In an effort to get the word out about this book, the publisher has made an additional copy of the book available for me to give away to one of my blog readers. If you would like to receive the free copy of the book, just be the first to comment on this post below. I will pass your information along to the publisher to send you the book.

(FTC disclaimer – I received a copy of this book for free in exchange for writing this unbiased review.)

(Accountability disclaimer – A friend very thoughtfully asked me, “Why are you reading a book for women with a subtitle such as this?” I was contacted by a publicist for the book who found my blog and book reviews and asked me to review it.)

 

11 comments

  • Evan Lenow says:

    This really is an important topic. Most people have historically felt a preoccupation with sex is a male issue, but women have been brought into this in part due to the sexual revolution. As a father of 3 daughters (and a son), I recognize that there are more ways that I have to work to guard their hearts.

  • Nicole Lino says:

    So glad to hear you encouraging older women to equip themselves to lead younger women in this arena. As I talk to older women, they are often shocked and unprepared or unwilling (for many reasons) to respond biblically to this heart issue that has such a stronghold on many younger women.

    • Randy Mann says:

      Nicole,
      Thank you. That is very true.

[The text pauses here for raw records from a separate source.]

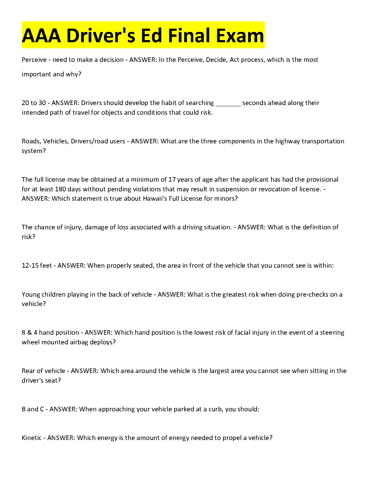 Unlock your driving potential with our premier AAA Driver's Education Final Exam Test Bank, fully updated for the 2025/2026 academic year. This essential study guide provides a complete collection of real exam questions and verified answers, meticulously designed to help you master every topic. From the Perceive-Decide-Act process and vehicle safety checks to traffic laws and risk management, this resource covers it all. Prepare effectively, build your confidence, and ensure you pass your final exam on the first try, avoiding any need for resits. Get on the road to success today!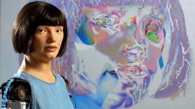 “Ai-Da is a life-size humanoid robot named after Ada Lovelace, the pioneering female scientist and mathematician,” the news release explains. “Completed in 2019, Ai-Da is designed with the capability to create art and uses AI algorithms to produce works that comment on the current and future uses of artificial intelligence.”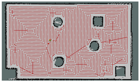 (1) Site Coverage: In this paper, let represent the already covered area, S represent the total area of the working environment, and represent the area covered by obstacles. Therefore, the coverage rate r of the full-coverage path planning is calculated as .

I think it is, at least in part, a cultural/generational issue. I remember my grandmother talking about it being rude to say the word “pregnant” in public. So you know there was little, if any, discussion about matters of sexuality. Because the church has refused to speak biblically to this issue, our older ladies are unprepared to lead and our younger ladies and daughters are adopting grossly unbiblical views on matters of sexuality because the only counsel they are receiving is from a worldly perspective.

  • Kim Humphrey says:

    Thank you Randy for sharing this important topic and book. I look forward to getting and reading this, and the opportunity to walk with younger (and older) ladies as we seek biblical instruction on being godly women.

    • Randy Mann says:

      Kim,
      May God use you to influence a generation of younger Christian women to think biblically about these matters – in word and by example!

  • scott says:

    Hey Randy, thanks for this post. It is indeed an important topic. Unfortunately pornography comes in many forms and is taking a huge toll on both men and women. There are devastating results on the church and its leadership.

  • Lisa Laturno says:

    Great topic that needs to be addressed from the pulpit!! For both men and women. When these books were released and the movie was out, I wondered if I would hear a pastor address this “entertainment”. And I did not……..

    • Randy Mann says:

      Lisa,
      Unfortunately, we have remained silent while the world has shouted its views through every conceivable outlet. May we be bold enough to call God’s people to understand and walk in light of His great design – spiritually, physically, emotionally, sexually, and every other way.